Oct 6, 2013

60 Minutes Piece On Social Security Disability Tonight

     Sixty Minutes will do a piece tonight on Social Security disability, apparently focusing on allegations of wrongdoing in Puerto Rico and West Virginia, linking those situations to the possible exhaustion of the Disability Insurance Trust Fund in 2016. Expect a fair and balanced report.
     @ccd4pwd will do a live tweet fact check on the 60 Minutes story.

6 comments:

Anonymous said...

Brace yourself for a huge punch in the gut.

Anonymous said...

The Jericho office is corrupt. The ALJs and senior attorneys loaf at home, disappear during the day, and sign in and out falsely. they are crooks and cheats.

Anonymous said...

That was really bad. Very biased reporting there 60 minutes: two disgruntle SSA workers; two frustrated ALJs; a Con-man; two lawyers from the disability mill aka Binder and Binder + Senator Coburn who is a long time hater of the disability program. Where was the other point of view?

Anonymous said...

I agree that it was really bad. Most reasonable people (that isn't a part if the system in some form) will come away with two things: most of those on disability shouldn't be and disability attorneys are gaming the system.

Anonymous said...

Nothing new here. After years of looking at the issue, don't see how Senator Coburn can say his "investigation" did anything. This is essentially the same story that the Wall Street Journal reported a couple of years ago.

It sounded like Senator Coburn said he wants to help sick, lesser educated, out of work folks with something. What's he want? Indefinite unemployment benefits? Another government program? Does he really have an idea of what he is doing?

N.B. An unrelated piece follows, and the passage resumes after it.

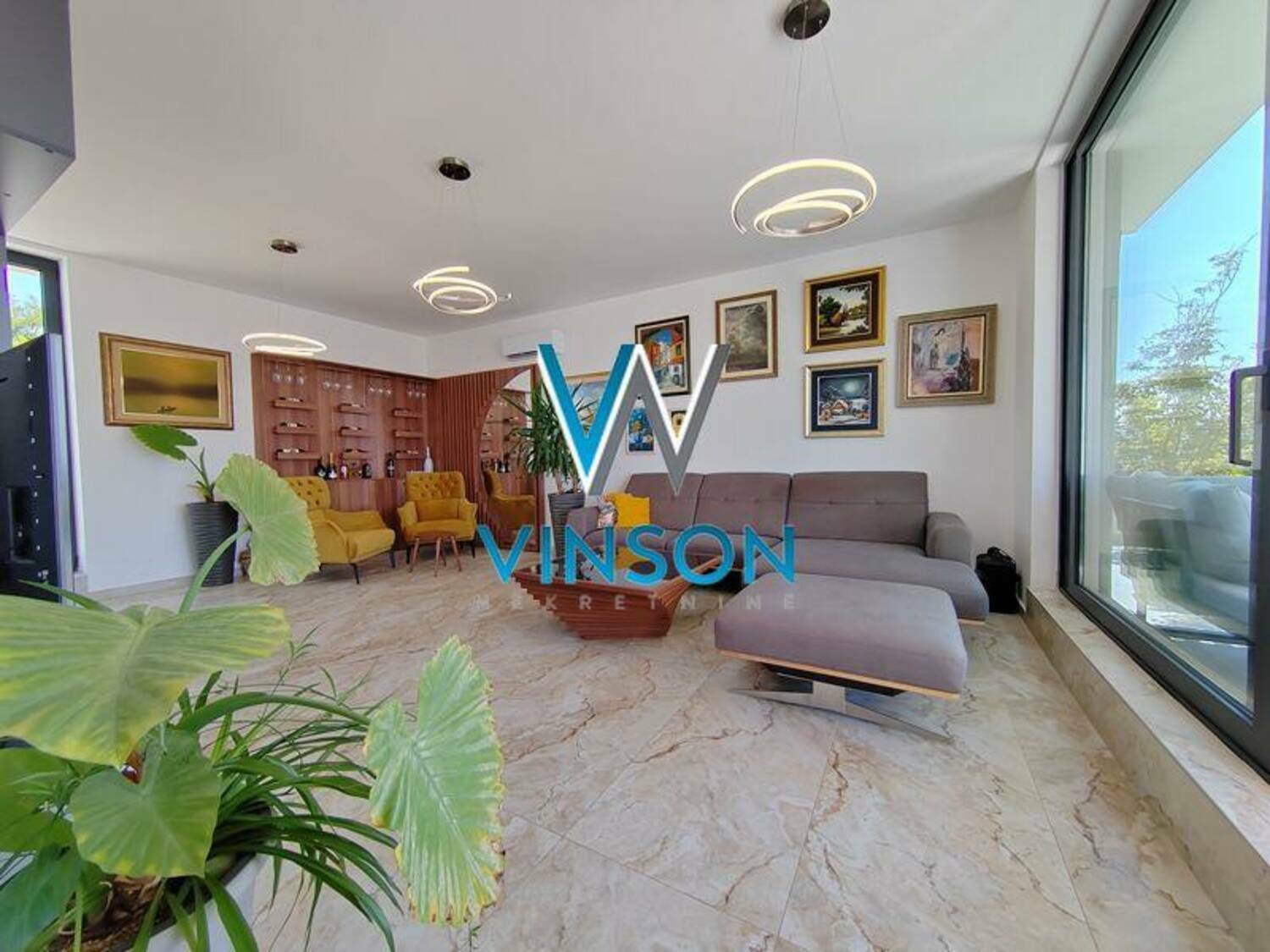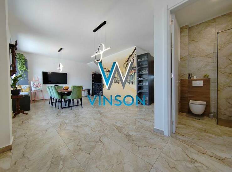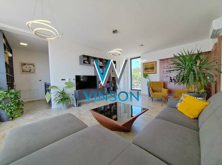 Sremska Kamenica. Izdvajamo iz ponude luksuznu nekretninu jedinstvenih karakteristika i visokog kvaliteta opreme i gradnje. Petosoban tripleks stan na obodu Fruške gore sa prelepim pogledom na Dunav i grad. Ovaj stambeni prostor građen po principu smarthome sistema poseduje tri redovne etaže, veliku terasu veličine 75m2 koja okružuje ceo stan i prednje dvorište od oko 45m2 koje može poslužiti kao parking za dva vozila. Prizemlje predstavlja lep i svetao otvoren prostor dnevnog boravka, uvučena kuhinja sa prirodnom ventilacijom i kupatilo sa tuš kabinom. Prvi sprat je rezervisan za spavaću zonu i njega čine tri spavaće sobe i drugo kupatilo. Drugi sprat predstavlja prelepu galeriju sa trećim kupatilom i izlazom na dve strane na veliku terasu sa pogledom na grad i Dunav. Podno grejanje na gas, alarm, video nadzor, elektro podizači roletni... Uknjižen. Stan se prodaje sa svim nameštajem i tehnikom prikazanim na fotografijama. Useljiv odmah. (Vinson nekretnine, Novi Sad, Reg. br. posrednika: 1085)

Too bad CBS did not point out that the AALJ is suing the government about Social Security's case goal for them.

Anonymous said...

Given what it could have been, I didnt think it was that bad at all. The alj union didn't embarrass itself, the budding puerto rico scandal wasn't mentioned. Eric Conn couldn't talk, and yes, claimant's reps do game the system especially the national firms. Senator Coburn's take is mostly garbage and we could have used a few real claimants reps and agency mgt comments but overall this wasnt that bad.